Суки. Кобели. Если бы я себе руки переломала, им бы тоже весело было?
Ощупываю локоть, резкая боль утихает. Подобравшись, сижу на холодном полу, за стеной играет песня, которую я ди-джею заказывала. Норвежский исполнитель, песенка милая, про котика. Полчаса назад я ни о чем не подозревая, морщила нос на приставания ведущего, ехидничала над сообщением от Насти и собиралась танцевать. Память мне будто фильм показывает, будто там в зале была не я.
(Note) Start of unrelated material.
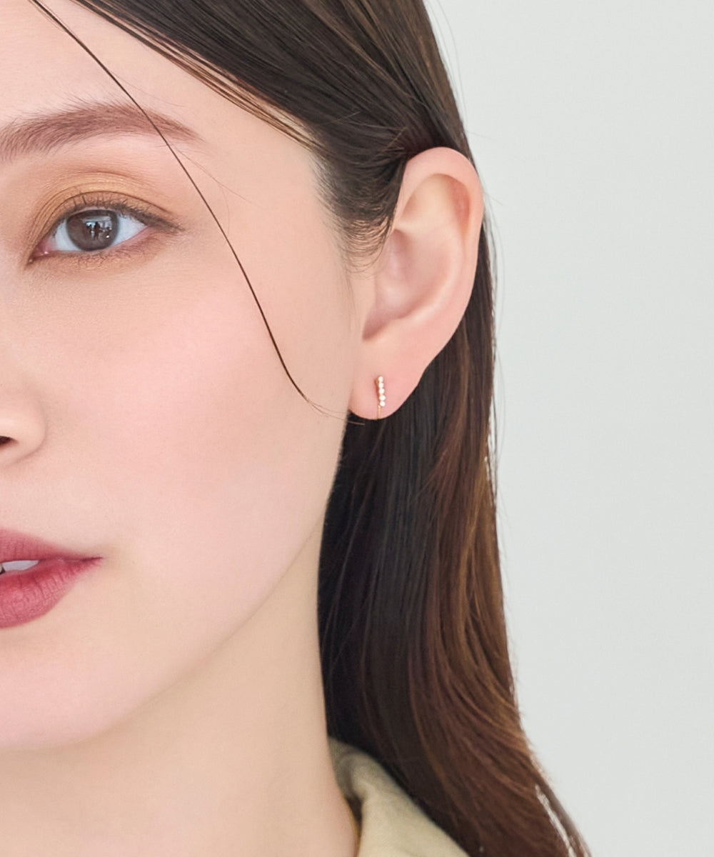 イヤリング金具を最小限に軽量化したことで、ストレスフリーな着け心地とピアスのようなルックスを実現♪

— Юль, серьезно, все нормально? — мое молчание начинает их волновать, я злорадствую. — Ты ударилась?
— Говори, не бойся. Болит что-то?
Ага, забеспокоились.
— Юля.
Там у них в темноте шевеление, ищут меня. Ползу по сцене, где-то тут закуток для хранения инструментов, свет они все равно не включат, а свадьба скоро кончится, я это время запросто пересижу.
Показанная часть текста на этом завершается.